__Work required__
Reproduce the listing exactly, so that no line differs from the original.

__Data to use__
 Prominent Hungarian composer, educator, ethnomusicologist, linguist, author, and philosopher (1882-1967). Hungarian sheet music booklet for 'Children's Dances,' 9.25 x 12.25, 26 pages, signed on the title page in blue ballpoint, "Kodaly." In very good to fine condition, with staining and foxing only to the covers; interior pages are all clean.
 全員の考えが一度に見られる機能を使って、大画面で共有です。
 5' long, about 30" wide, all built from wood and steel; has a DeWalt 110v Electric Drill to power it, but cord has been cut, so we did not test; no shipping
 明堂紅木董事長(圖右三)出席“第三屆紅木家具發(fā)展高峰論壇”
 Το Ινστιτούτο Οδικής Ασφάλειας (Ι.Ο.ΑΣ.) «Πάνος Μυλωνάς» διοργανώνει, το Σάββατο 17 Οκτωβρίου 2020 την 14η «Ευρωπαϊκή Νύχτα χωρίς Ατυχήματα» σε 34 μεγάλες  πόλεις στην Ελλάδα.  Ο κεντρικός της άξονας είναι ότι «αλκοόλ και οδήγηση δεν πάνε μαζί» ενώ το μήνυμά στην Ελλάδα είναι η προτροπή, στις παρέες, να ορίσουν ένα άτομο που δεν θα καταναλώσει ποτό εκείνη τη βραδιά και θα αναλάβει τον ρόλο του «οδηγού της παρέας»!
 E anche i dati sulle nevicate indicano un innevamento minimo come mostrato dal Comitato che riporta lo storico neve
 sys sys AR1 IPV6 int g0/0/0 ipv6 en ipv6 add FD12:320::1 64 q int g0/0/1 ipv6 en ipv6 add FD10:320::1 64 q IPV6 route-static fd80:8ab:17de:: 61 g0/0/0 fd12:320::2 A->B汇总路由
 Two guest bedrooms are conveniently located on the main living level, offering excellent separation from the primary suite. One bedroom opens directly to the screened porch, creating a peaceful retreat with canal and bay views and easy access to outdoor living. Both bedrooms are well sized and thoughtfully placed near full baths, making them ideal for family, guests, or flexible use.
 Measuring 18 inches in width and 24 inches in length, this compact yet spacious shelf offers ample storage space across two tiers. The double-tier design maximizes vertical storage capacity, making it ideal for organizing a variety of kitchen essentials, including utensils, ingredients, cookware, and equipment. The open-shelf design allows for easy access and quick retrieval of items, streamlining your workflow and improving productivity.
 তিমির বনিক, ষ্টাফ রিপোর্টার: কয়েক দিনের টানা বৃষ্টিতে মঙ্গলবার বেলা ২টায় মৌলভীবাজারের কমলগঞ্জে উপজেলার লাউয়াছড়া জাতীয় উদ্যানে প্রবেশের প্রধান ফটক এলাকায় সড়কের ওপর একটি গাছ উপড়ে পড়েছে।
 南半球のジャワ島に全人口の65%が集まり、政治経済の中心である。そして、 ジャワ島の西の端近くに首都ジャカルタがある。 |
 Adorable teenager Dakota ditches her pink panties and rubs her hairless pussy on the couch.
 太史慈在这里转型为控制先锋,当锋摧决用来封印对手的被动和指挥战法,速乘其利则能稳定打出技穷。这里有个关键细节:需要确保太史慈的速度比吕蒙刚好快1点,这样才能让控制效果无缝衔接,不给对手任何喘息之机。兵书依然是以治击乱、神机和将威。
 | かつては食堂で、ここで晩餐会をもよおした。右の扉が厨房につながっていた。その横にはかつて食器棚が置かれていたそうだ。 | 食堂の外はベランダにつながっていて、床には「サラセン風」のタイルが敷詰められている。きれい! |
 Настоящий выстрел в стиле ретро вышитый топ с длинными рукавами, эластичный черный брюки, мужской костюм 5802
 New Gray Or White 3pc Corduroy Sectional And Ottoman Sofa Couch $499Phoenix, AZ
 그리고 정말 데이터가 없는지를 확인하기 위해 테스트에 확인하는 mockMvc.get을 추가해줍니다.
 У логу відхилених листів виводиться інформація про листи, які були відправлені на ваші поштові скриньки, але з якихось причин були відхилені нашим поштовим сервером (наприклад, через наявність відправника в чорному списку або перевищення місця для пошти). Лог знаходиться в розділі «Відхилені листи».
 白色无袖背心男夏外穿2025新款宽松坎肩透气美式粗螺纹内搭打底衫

__Output below__
 Prominent Hungarian composer, educator, ethnomusicologist, linguist, author, and philosopher (1882-1967). Hungarian sheet music booklet for 'Children's Dances,' 9.25 x 12.25, 26 pages, signed on the title page in blue ballpoint, "Kodaly." In very good to fine condition, with staining and foxing only to the covers; interior pages are all clean.
 全員の考えが一度に見られる機能を使って、大画面で共有です。
 5' long, about 30" wide, all built from wood and steel; has a DeWalt 110v Electric Drill to power it, but cord has been cut, so we did not test; no shipping
 明堂紅木董事長(圖右三)出席“第三屆紅木家具發(fā)展高峰論壇”
 Το Ινστιτούτο Οδικής Ασφάλειας (Ι.Ο.ΑΣ.) «Πάνος Μυλωνάς» διοργανώνει, το Σάββατο 17 Οκτωβρίου 2020 την 14η «Ευρωπαϊκή Νύχτα χωρίς Ατυχήματα» σε 34 μεγάλες  πόλεις στην Ελλάδα.  Ο κεντρικός της άξονας είναι ότι «αλκοόλ και οδήγηση δεν πάνε μαζί» ενώ το μήνυμά στην Ελλάδα είναι η προτροπή, στις παρέες, να ορίσουν ένα άτομο που δεν θα καταναλώσει ποτό εκείνη τη βραδιά και θα αναλάβει τον ρόλο του «οδηγού της παρέας»!
 E anche i dati sulle nevicate indicano un innevamento minimo come mostrato dal Comitato che riporta lo storico neve
 sys sys AR1 IPV6 int g0/0/0 ipv6 en ipv6 add FD12:320::1 64 q int g0/0/1 ipv6 en ipv6 add FD10:320::1 64 q IPV6 route-static fd80:8ab:17de:: 61 g0/0/0 fd12:320::2 A->B汇总路由
 Two guest bedrooms are conveniently located on the main living level, offering excellent separation from the primary suite. One bedroom opens directly to the screened porch, creating a peaceful retreat with canal and bay views and easy access to outdoor living. Both bedrooms are well sized and thoughtfully placed near full baths, making them ideal for family, guests, or flexible use.
 Measuring 18 inches in width and 24 inches in length, this compact yet spacious shelf offers ample storage space across two tiers. The double-tier design maximizes vertical storage capacity, making it ideal for organizing a variety of kitchen essentials, including utensils, ingredients, cookware, and equipment. The open-shelf design allows for easy access and quick retrieval of items, streamlining your workflow and improving productivity.
 তিমির বনিক, ষ্টাফ রিপোর্টার: কয়েক দিনের টানা বৃষ্টিতে মঙ্গলবার বেলা ২টায় মৌলভীবাজারের কমলগঞ্জে উপজেলার লাউয়াছড়া জাতীয় উদ্যানে প্রবেশের প্রধান ফটক এলাকায় সড়কের ওপর একটি গাছ উপড়ে পড়েছে।
 南半球のジャワ島に全人口の65%が集まり、政治経済の中心である。そして、 ジャワ島の西の端近くに首都ジャカルタがある。 |
 Adorable teenager Dakota ditches her pink panties and rubs her hairless pussy on the couch.
 太史慈在这里转型为控制先锋,当锋摧决用来封印对手的被动和指挥战法,速乘其利则能稳定打出技穷。这里有个关键细节:需要确保太史慈的速度比吕蒙刚好快1点,这样才能让控制效果无缝衔接,不给对手任何喘息之机。兵书依然是以治击乱、神机和将威。
 | かつては食堂で、ここで晩餐会をもよおした。右の扉が厨房につながっていた。その横にはかつて食器棚が置かれていたそうだ。 | 食堂の外はベランダにつながっていて、床には「サラセン風」のタイルが敷詰められている。きれい! |
 Настоящий выстрел в стиле ретро вышитый топ с длинными рукавами, эластичный черный брюки, мужской костюм 5802
 New Gray Or White 3pc Corduroy Sectional And Ottoman Sofa Couch $499Phoenix, AZ
 그리고 정말 데이터가 없는지를 확인하기 위해 테스트에 확인하는 mockMvc.get을 추가해줍니다.
 У логу відхилених листів виводиться інформація про листи, які були відправлені на ваші поштові скриньки, але з якихось причин були відхилені нашим поштовим сервером (наприклад, через наявність відправника в чорному списку або перевищення місця для пошти). Лог знаходиться в розділі «Відхилені листи».
 白色无袖背心男夏外穿2025新款宽松坎肩透气美式粗螺纹内搭打底衫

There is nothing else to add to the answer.